* [Exercise prompt] Please restate word for word the lines of the entries below from the one with "Nowoczesny, czteropiętrowy budynek" to the one with "11月12日,河北省威县一家新能源企业工人在车间检查太阳能集热管产品质量。", inclusive, and leave out every picture.

* [Data for this task]
Segment Open

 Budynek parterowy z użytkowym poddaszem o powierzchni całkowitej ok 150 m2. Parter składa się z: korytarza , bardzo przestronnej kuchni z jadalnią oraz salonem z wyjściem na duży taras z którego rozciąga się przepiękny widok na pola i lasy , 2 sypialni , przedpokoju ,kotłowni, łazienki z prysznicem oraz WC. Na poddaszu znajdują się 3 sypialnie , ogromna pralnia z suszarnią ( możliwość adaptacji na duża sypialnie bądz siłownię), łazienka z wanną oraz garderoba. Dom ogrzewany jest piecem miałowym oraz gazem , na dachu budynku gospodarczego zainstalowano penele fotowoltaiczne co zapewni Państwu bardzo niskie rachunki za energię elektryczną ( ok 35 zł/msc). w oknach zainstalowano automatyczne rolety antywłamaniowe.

Segment Closed
Segment Open

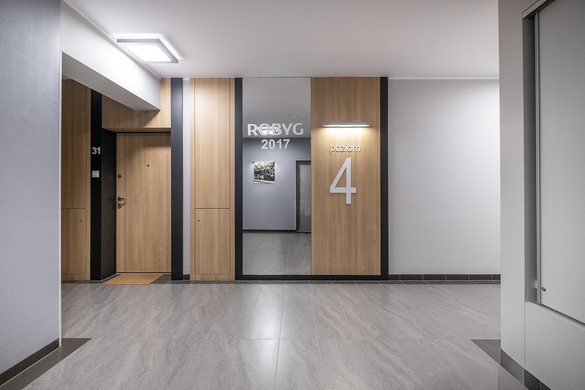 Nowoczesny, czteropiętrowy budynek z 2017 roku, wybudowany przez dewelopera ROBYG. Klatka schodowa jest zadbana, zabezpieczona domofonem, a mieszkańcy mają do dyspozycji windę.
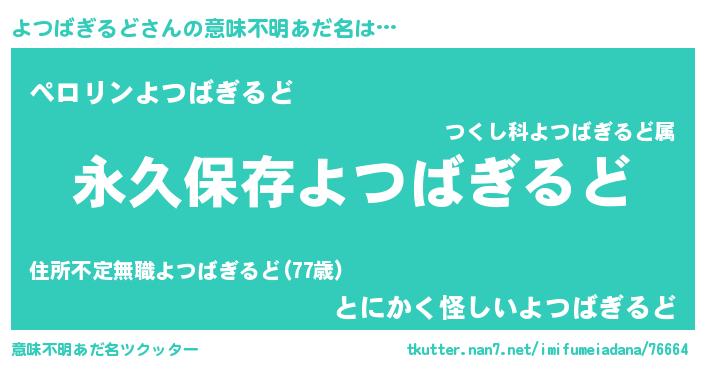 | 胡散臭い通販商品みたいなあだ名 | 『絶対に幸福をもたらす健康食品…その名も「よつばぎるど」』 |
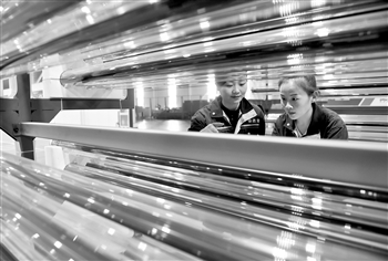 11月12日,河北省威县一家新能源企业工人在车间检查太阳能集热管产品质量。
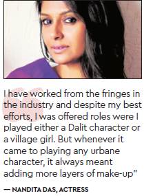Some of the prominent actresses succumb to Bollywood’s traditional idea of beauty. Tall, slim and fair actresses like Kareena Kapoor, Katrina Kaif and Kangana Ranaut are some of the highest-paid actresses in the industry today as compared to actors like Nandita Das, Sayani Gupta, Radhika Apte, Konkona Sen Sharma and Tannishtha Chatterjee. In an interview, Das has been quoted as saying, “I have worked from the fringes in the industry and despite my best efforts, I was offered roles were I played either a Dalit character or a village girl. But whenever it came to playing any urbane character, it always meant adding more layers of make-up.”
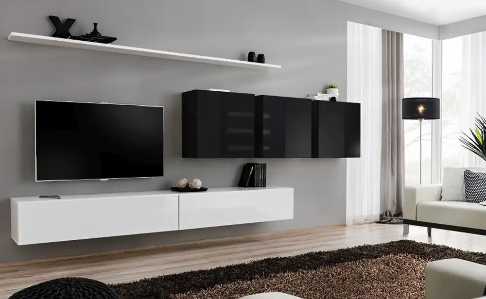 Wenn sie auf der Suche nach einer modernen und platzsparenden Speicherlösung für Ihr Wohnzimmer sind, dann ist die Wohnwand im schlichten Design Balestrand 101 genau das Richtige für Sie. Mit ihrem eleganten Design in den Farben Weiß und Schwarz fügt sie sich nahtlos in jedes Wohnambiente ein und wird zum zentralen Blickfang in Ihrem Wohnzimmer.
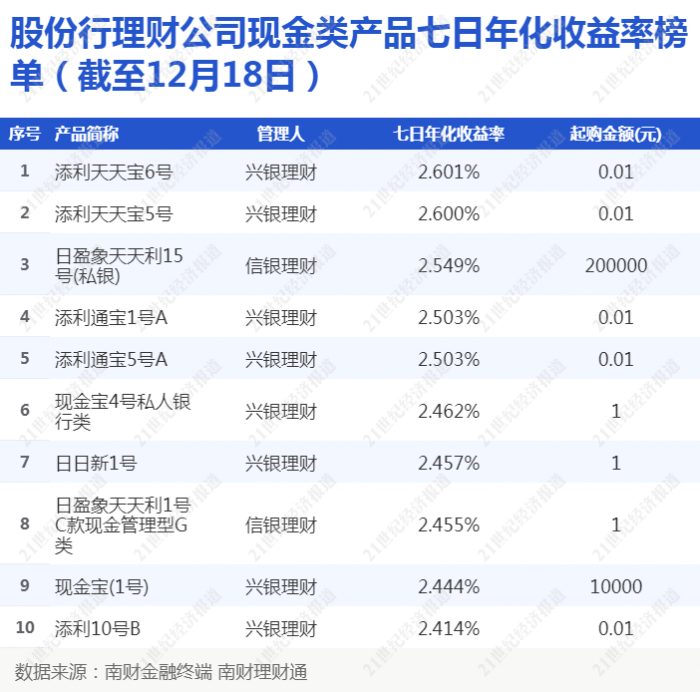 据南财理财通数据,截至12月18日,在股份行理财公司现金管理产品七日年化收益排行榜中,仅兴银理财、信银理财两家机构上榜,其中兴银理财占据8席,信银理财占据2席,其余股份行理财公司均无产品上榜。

Segment Closed
Segment Open

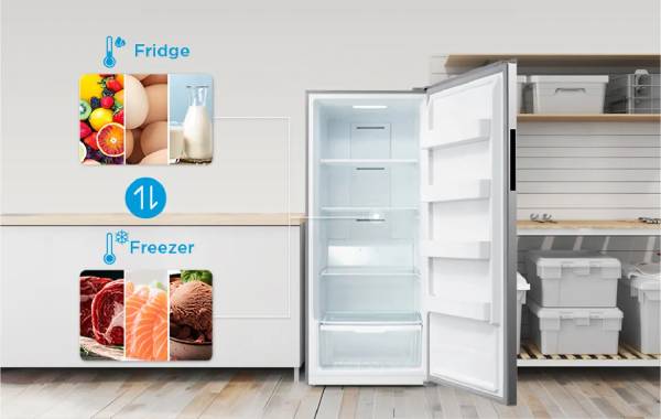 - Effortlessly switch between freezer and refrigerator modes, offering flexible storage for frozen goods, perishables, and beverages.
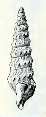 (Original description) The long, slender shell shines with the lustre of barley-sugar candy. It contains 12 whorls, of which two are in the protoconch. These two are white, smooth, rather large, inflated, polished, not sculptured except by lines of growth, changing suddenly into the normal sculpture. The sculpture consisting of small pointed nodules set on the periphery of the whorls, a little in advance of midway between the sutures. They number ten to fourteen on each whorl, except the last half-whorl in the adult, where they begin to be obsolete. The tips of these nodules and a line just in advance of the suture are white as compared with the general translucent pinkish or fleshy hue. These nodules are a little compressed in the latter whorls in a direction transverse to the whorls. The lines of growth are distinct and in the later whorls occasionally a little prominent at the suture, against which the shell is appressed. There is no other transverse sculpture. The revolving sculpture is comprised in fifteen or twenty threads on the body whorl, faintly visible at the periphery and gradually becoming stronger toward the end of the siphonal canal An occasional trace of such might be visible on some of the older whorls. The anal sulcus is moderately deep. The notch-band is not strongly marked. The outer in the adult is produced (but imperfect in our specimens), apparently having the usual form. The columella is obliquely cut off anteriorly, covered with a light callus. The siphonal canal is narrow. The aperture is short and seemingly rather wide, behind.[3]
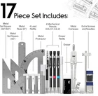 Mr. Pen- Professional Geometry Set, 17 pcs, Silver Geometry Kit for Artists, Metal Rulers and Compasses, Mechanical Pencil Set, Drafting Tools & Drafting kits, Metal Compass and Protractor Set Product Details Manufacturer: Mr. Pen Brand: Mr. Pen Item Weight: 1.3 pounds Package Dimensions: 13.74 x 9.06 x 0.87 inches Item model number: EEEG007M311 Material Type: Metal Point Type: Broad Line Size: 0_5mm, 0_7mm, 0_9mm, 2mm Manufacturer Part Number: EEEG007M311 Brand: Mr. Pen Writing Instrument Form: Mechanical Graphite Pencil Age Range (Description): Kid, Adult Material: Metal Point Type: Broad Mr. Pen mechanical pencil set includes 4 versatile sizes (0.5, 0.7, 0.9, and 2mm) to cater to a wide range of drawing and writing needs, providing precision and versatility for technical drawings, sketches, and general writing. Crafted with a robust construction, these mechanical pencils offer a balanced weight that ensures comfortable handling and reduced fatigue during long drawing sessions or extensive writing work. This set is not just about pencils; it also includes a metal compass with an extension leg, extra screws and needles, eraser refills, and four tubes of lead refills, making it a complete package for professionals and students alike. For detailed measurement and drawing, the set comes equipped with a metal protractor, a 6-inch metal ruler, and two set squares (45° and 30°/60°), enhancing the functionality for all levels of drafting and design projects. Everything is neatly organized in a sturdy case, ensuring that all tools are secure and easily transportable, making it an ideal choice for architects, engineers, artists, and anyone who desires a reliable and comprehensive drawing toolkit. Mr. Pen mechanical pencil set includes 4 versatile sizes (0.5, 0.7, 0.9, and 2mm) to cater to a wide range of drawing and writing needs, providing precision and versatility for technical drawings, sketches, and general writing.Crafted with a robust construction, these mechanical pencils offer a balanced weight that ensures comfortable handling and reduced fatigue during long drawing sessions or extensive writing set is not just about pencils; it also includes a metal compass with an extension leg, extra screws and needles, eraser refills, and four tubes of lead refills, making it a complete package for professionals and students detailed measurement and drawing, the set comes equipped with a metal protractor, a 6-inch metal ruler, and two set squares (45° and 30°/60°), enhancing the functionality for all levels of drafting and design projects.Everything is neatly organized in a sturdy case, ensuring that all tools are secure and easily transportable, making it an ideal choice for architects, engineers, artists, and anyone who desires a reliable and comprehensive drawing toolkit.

Segment Closed

* [Result of the task]
 Nowoczesny, czteropiętrowy budynek z 2017 roku, wybudowany przez dewelopera ROBYG. Klatka schodowa jest zadbana, zabezpieczona domofonem, a mieszkańcy mają do dyspozycji windę.
 | 胡散臭い通販商品みたいなあだ名 | 『絶対に幸福をもたらす健康食品…その名も「よつばぎるど」』 |
 11月12日,河北省威县一家新能源企业工人在车间检查太阳能集热管产品质量。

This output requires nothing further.